We found increased expression of PRC2 and H3K27me3 levels in HPV+ HNSCC cells. Interestingly, our pathway analysis identified the Spt-Ada-Gcn5 acetyltransferase (SAGA) complex as the top gene network responsible for the downregulation of MHC-I expression. The SAGA complex, via the histone lysine acetyltransferase (KAT2A), is a transcriptional coactivator for E2F and MYC targeted transcription, whose activity is highly upregulated in HPV+ HNSCC cells via the viral oncoproteins E7 and E6. We show that KAT2A and SAGA complex expression is upregulated in HPV+ HNSCC, and that the inhibition of PRC2, KAT2A, or other SAGA complex members resulted in increased MHC-I expression.
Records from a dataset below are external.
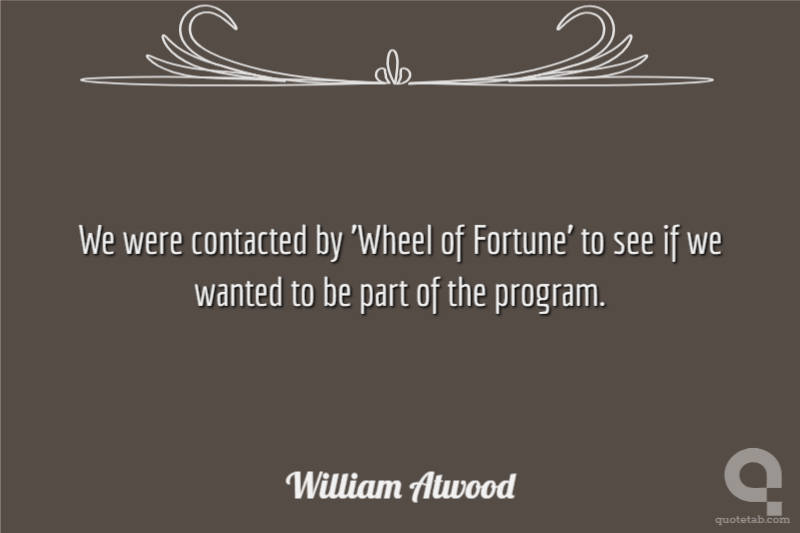 We were contacted by 'Wheel of Fortune' to see if we wanted to be part of the program. William Atwood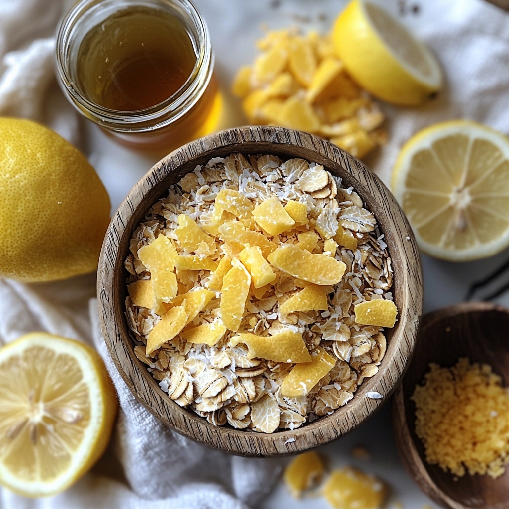 - Mix Dry Ingredients: In a large bowl, combine the rolled oats, unsweetened shredded coconut, fresh lemon zest, and a pinch of salt. Stir well to evenly distribute all dry components.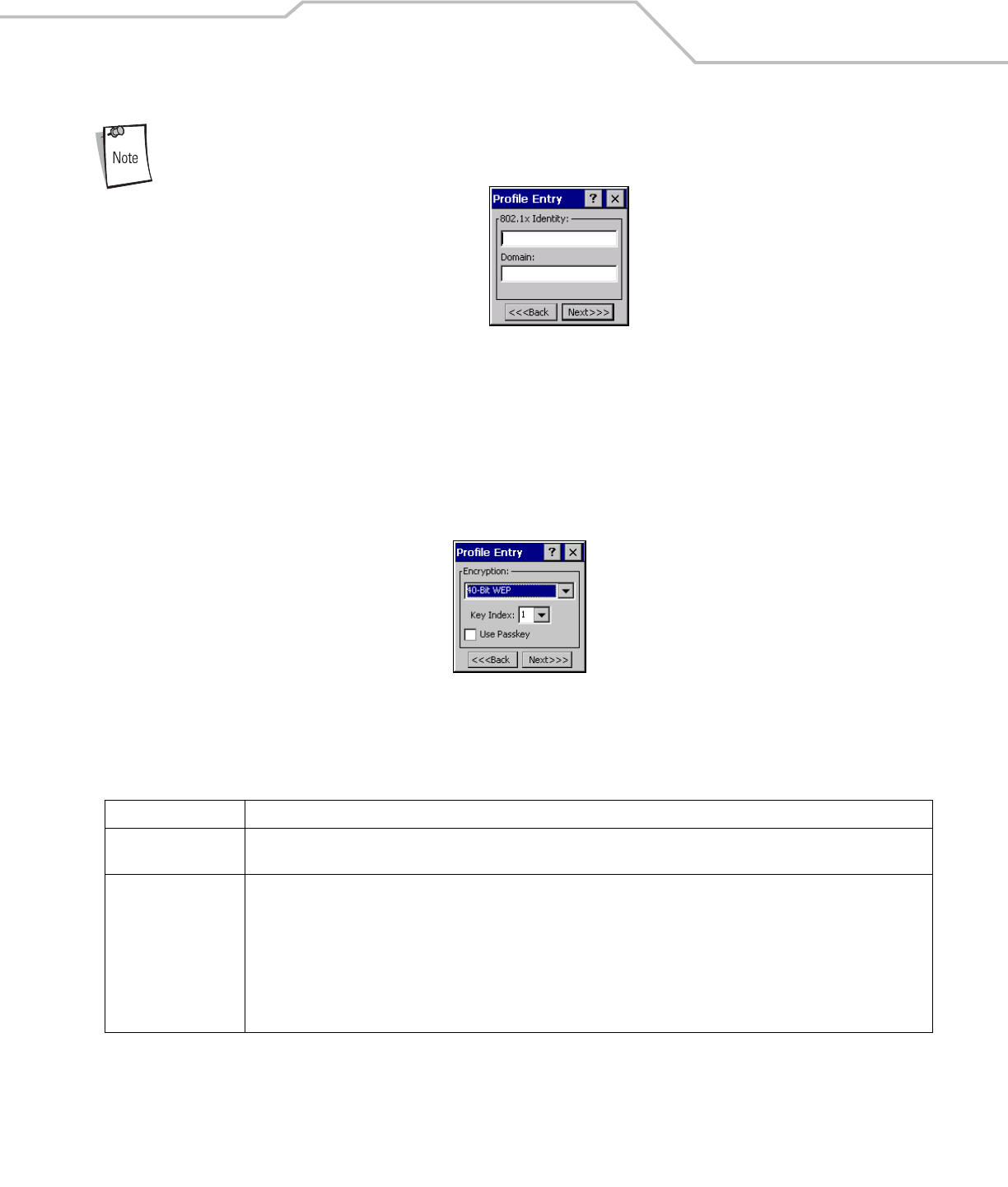 populated with the current settings for that profile. If creating a new profile, the known information for that WLAN network are

By extension, our analysis identified several compounds in various stages of clinical development which could be used to augment the current standard of care for HPV+ HNSCC cells.

CONCLUSIONS

Our results suggest that elevated KAT2A/SAGA potentiates E2F- and MYC-mediated transcription of PRC2 genes, contributing to the downregulation of MHC-I. Thus, abrogation of the KAT2A/SAGA:E2F/MYC:PRC2 axis may be valuable toward increasing antitumor immunity through the restoration of MHC-I expression in HPV+ HNSCC.